Un engagement confirmé. Alors que les Etats-Unis s’inquiètent de la présence de centres d’appel frauduleux sur la Grande île, Madagascar rappelle sa volonté de lutter contre la traite des êtres humains à des fins d’exploitation dans des activités délictuelles ou criminelles, notamment les escroqueries en ligne. Bien que la loi malgache actuellement en vigueur sur la traite des êtres humains ne reconnaisse pas encore cette infraction, la ministre de la Justice, Fanirisoa Ernaivo, indique que parmi les individus interpellés dans le cadre des opérations de démantèlement des réseaux de scamming à Madagascar, “certains sont des victimes amenés à participer à des activités frauduleuses”.
Dans son discours à l’occasion de la Journée mondiale de lutte contre la traite des êtres humains, jeudi, la ministre rappelle que le projet de loi qui reconnaît cette infraction sera examiné lors de la prochaine session parlementaire. Elle évoque également la nécessité de renforcer la sensibilisation à cette forme d’exploitation, souvent confondue avec d’autres infractions.
Selon la Garde des sceaux, Madagascar a déjà pu interpeller des centaines de personnes impliquées dans des réseaux de scamming. Certaines ont été placées en détention dans l’attente de leur procès tandis que d’autres ont été rapatriées vers leur pays d’origine. “La plupart des personnes interpellées proviennent de pays d’Asie”, précise-t-elle. Pour les commanditaires qui sont identifiés et qui sont basés à l’étranger, la ministre évoque “une coopération judiciaire internationale afin de permettre leur poursuite”.
Présente lors de la cérémonie organisée dans le cadre de la journée mondiale de lutte contre la traite des êtres humains, la chargée d’affaires américaine, Melanie Higgins, n’a pas manqué de “saluer les efforts en cours des forces de l’ordre malgache pour enquêter sur ces activités”. Evoquant “les préoccupations du gouvernement américain concernant la présence de centres d’appel frauduleux dans le pays”, elle martèle l’engagement des Etats-Unis “aux côtés de Madagascar pour faire progresser les droits humains et lutter contre la traite des êtres humains”.
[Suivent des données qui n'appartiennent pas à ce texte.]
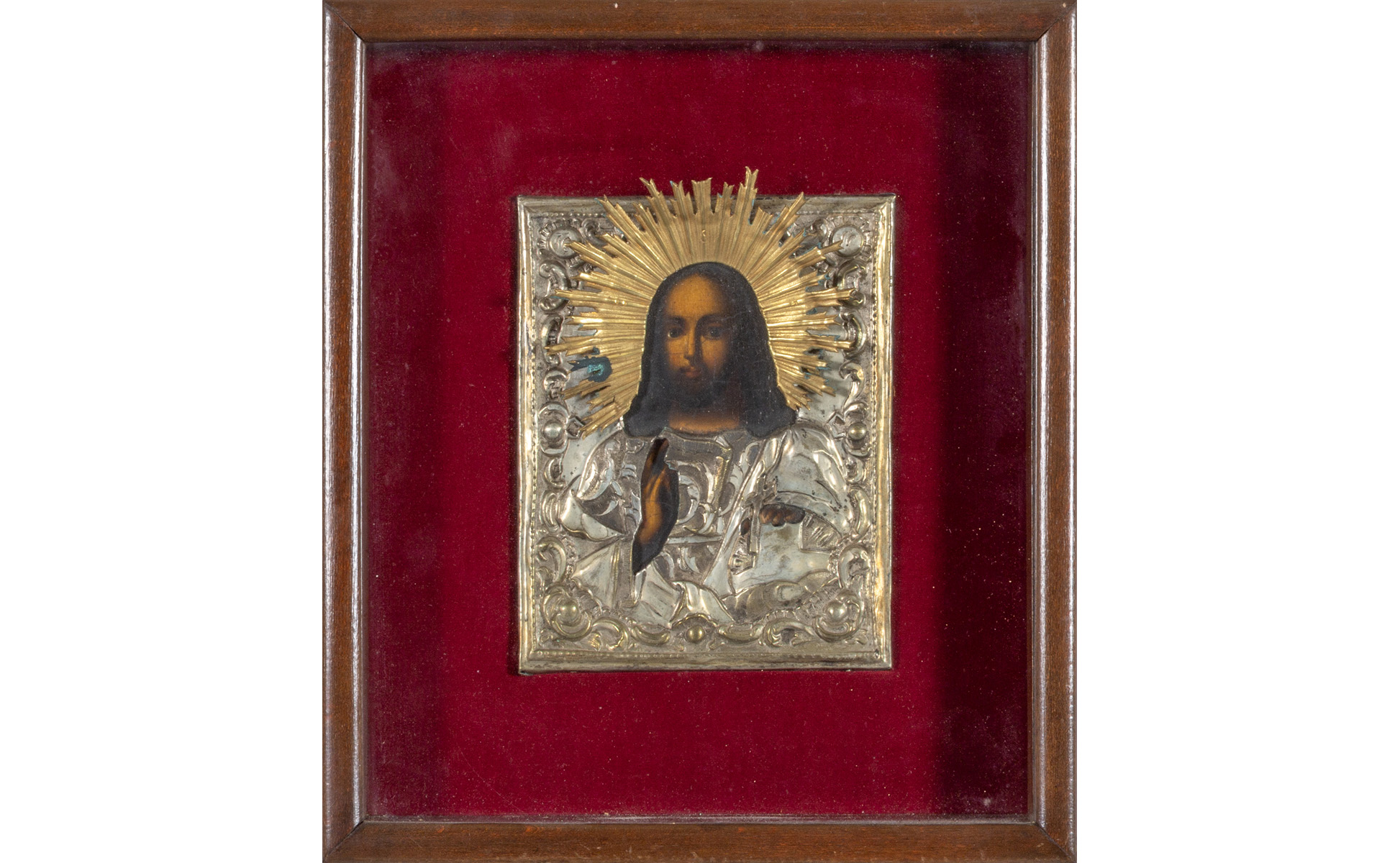 Cristo icona su tavola con riza in metallo argentato Russia sec.XIX

Les Etats-Unis financent, entre autres, l’Office des Nations unies contre la drogue et les crimes (UNODC) pour son travail de renforcement des capacités des forces de l’ordre locales en matière d’enquête et de poursuite des affaires de traite. La chargée d’affaires américaine rapporte que “des agents des forces de l’ordre malgache ont participé à des programmes de formation leur permettant d’acquérir des compétences en matière d’enquête et de poursuite pour divers crimes, y compris la traite des êtres humains”.